My real concern is that the current implementation heavily relies on load, error, and readystatechange event on <iframe> and JSON-P <script>. I detect (<iframe>'s load event (and JSON-P <script>'s (load or error) event if exists)) from the parent page to determine the first time a button get rendered. Adding requestIdleCallback means that the current detection method is no longer working.

Instead, in the step of The embedded HTML string will load the same buttons.js from cache, and render the button.:

On the parent page:

  1. Wait for <iframe>'s load event so that contentWindow will be accessible.
  2. See if loaded is true in <iframe>. If true, we're done (unlikely to happen), otherwise, set up the hook function onload in <iframe>, and wait for the hook to be called.
  3. Go to the next step to get the button dimensions.

In the <iframe>:

  1. The code shall run with requestIdleCallback.
  2. It should setup a flag loaded when the button is fully rendered.
  3. It should call a callback hook function onload if it is set up when the button is fully rendered.

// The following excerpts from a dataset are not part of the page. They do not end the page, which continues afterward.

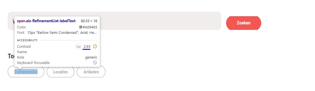 Onder de kop 'Toon alleen' staan knoppen met een grijze (#A09493) tekst 'Evenementen', 'Locaties' en 'Artikelen' op een witte achtergrond. De kleurcontrastverhouding is te laag: 2,9:1. Wanneer de muisaanwijzer op de knoppen wordt geplaatst of wanneer ze worden geselecteerd, verandert de tekstkleur in rood (#FF544D) tegen een grijze achtergrond (#F3EDED). De resulterende contrastverhouding is 2,7:1.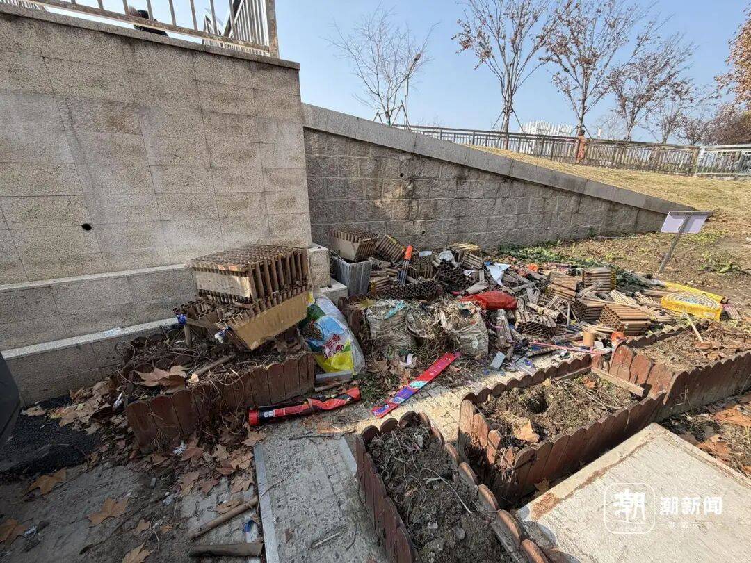 闻堰老街入口处有一处通往海塘的台阶通道。1月3日,记者在这里观察到,通道附近仍堆放着不少烟花的废弃包装。其中不乏一些发数较多的大型烟花,还有仙女棒一类的玩具烟花。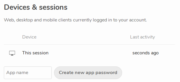 This section displays a list of currently and recently connected devices and browser sessions, and allows you to disconnect any that you don’t recognize or aren’t using any more. But we’re more interested in the Create new app password controls at the bottom for now.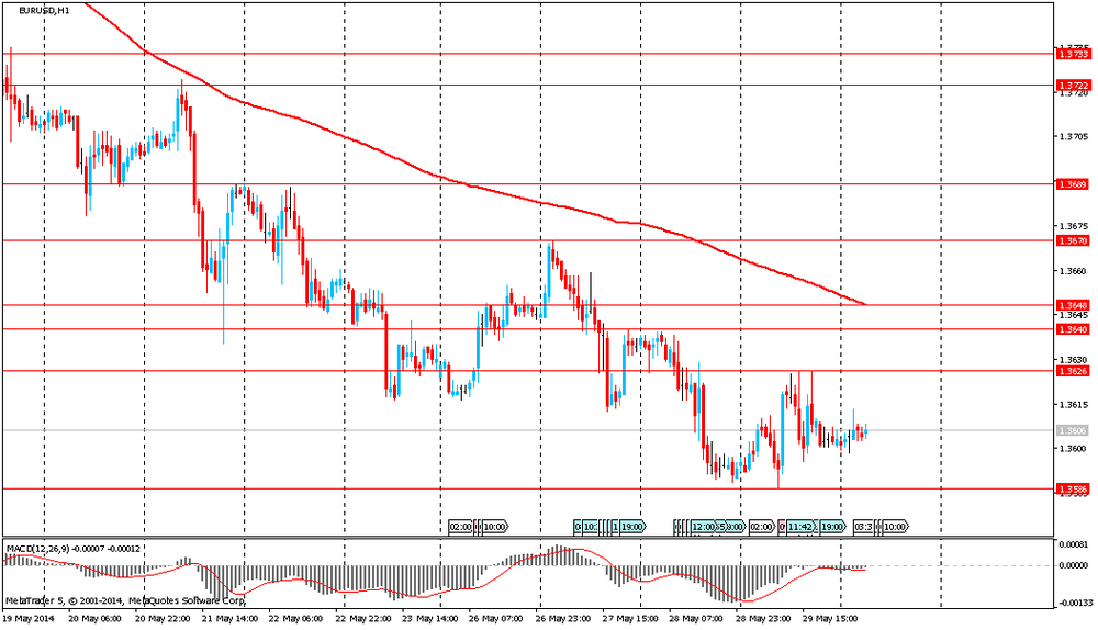 В 06:00 GMT Германия отчитается по изменению объема розничной торговли за апрель. В 07:00 GMT в Швейцарии выйдет индекс ведущих экономических индикаторов от KOF за май. В 12:30 GMT Канада объявит об изменении объема ВВП за март и представит индекс цен на сырье за апрель, а США выпустит данные по личным доходам и расходам за апрель и опубликует базовый индекс цен расходов на личное потребление за апрель. В 13:45 GMT в США выйдет индекс менеджеров по закупкам Чикаго за май, а в 13:55 GMT будет представлен индекс потребительских настроений от Reuters/Michigan за май. В 21:00 GMT c речью выступит член Комитета по открытым рынкам ФРС Ч. Плоссер.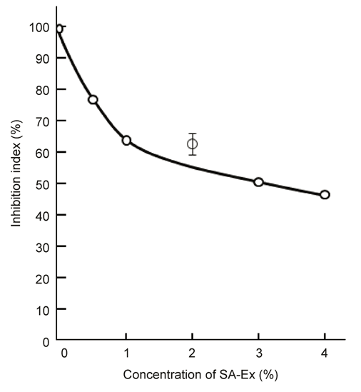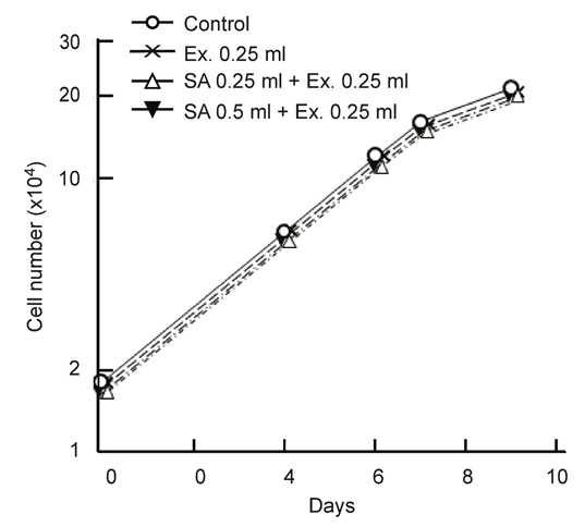 3 x 103cells/ dish, sub-cultured from a SV40 transformed colony in the low Ca 2+ medium, were seeded and treated with SA-Ex which was the combination of SA and apple and cucumber juice (50/50), on day 3. Colonies were counted on day 10. The number of colonies without SA-Ex was 190.

To JSON-P, the current implementation, "fully rendered" means <script>'s native load or error event, but if we put requestIdleCallback in the callback the current method no longer holds.

To CORS, "fully rendered" means it has ((a 200 response and callback is completed), or it has a non 200 response, or CORS' error event). That's already a lot of code to write and test.

What I want to say is: it's really complicated.


For your worst 1000 buttons example, a workaround would be load buttons.js as a CommonJS module, and manually call render() after all important stuff has being loaded.


I would consider CORS XHR + Conditional requests + LRU localStroage cache with JSON-P fallback.

I'm open to requestIdleCallback, but it will be a super low priority, because of the complexity.

optimalisatie commented 6 years ago

requestIdleCallback will benefit Firefox 55+, Chrome 47+ and Opera 34+. Chrome has a 60% market share so it will benefit about 70-80% of all browsers.

The benefit of requestIdleCallback is significant and in essence the functionality is very simple. It simply enables to prioritize javascript execution. It makes it possible to start loading the buttons when CPU is available. On a fast desktop PC there will be no delay while on a overloaded mobile phone the buttons may be delayed for 10+ seconds allowing the main page to be loaded much faster. It will make the buttons more friendly to a page. It sets the priority of the buttons to a lower level so that it won't compete for resources with the main javascript of a page.

parent page code and